Less than 48 hours after a UK judge ruled against Julian Assange’s legal team in their efforts to free him from the Ecuadoran embassy, The Intercept published a disingenuous and sloppy character assassination against the Wikileaks Editor-In-Chief.

The timing of the article’s publication acted to brutally counter growing support for Assange that arose in the wake of a clearly unjust UK ruling. Essentially, the publication of the smear attempted to deflect attention from the revelation of corruption in the ongoing detention of Assange, and to assassinate his character in the process.

The Intercept’s decision to publish the article at such a time unfortunately serves to characterize the outlet as a servant of the same US deep state that The Intercept has gained a reputation for – at least in theory – opposing.

The serious errors contained in The Intercept’s character assassination of the Wikileaks co-founder were quickly dismantled earlier today by independent journalists including Suzie DawsonCaitlin JohnstoneHA Goodman and others. That Micah Lee, who has engaged in continual attacks against Assange on social media, would be allowed to contribute to an article of this kind represents a fundamental conflict of interest in the work, not to mention the factual inaccuracies and assumptions it makes without so much as pausing to take a breath.

The claims made in The Intercept’s hit piece regarding messages sent privately by Wikileaks’ Twitter account were disingenuous on multiple levels, beginning with the  assumption that Assange was the sole author of the texts. The inference is clearly stated in the article, destroying any shred of journalistic integrity that might be expected from a well-respected news outlet.

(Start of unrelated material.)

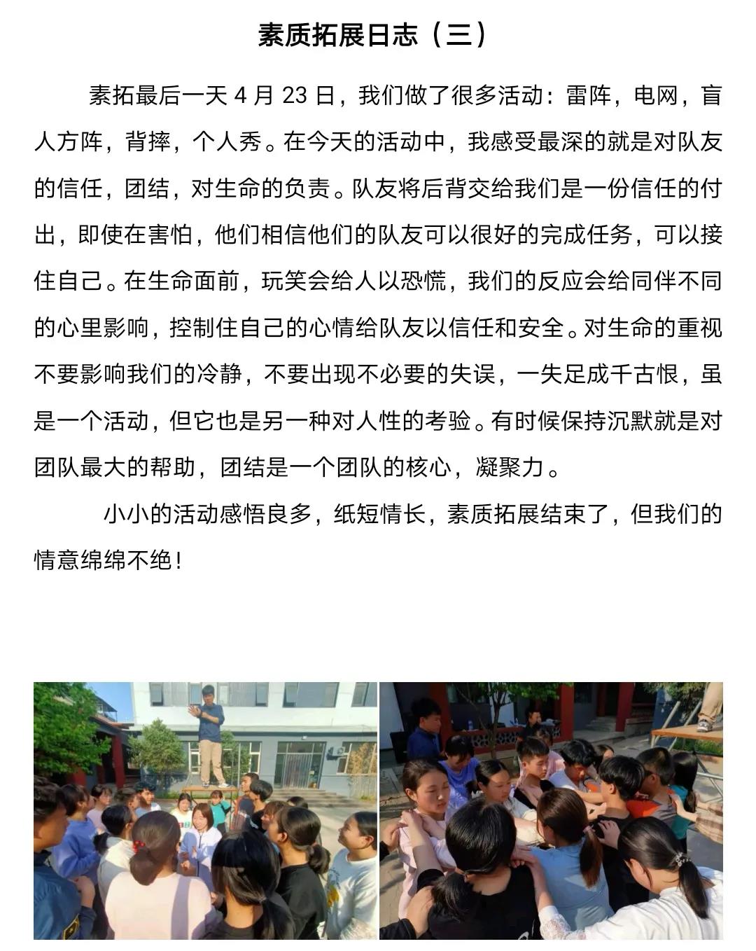 春风拂寒意,四月百花开。2021年4月21pp电子官方网站入口20级全体学生在老师和教练团的带领下,进行了为期三天三夜的易县素质拓展之旅 。在这三天内,同学们对每一个活动都全身心的去参与,也学到了很多,亲临实地研学活动让每一个同学都学到了课堂上所接触不到的知识。

Assange addressed the intentional inaccuracy of The Intercept’s coverage of the messages:

Given the premise that The Intercept’s smear aimed at Assange was integrally flawed, the most important aspect of the publication in the mind of this author is that it came just over 24 hours after a critical ruling was made by a UK magistrate that upheld an arrest warrant against Assange. In light of this context, the importance of the Intercept’s smear piece is what it was meant to distract from.

As Disobedient Media previously reported, UK magistrate Baroness Emma Arbuthnot, ruled against Wikileaks co-founder Julian Assange when she upheld an arrest warrant against him yesterday. Arbuthnot is intimately linked to the interests of the same military industrial complex whose wrongdoings have been so thoroughly exposed by Wikileaks.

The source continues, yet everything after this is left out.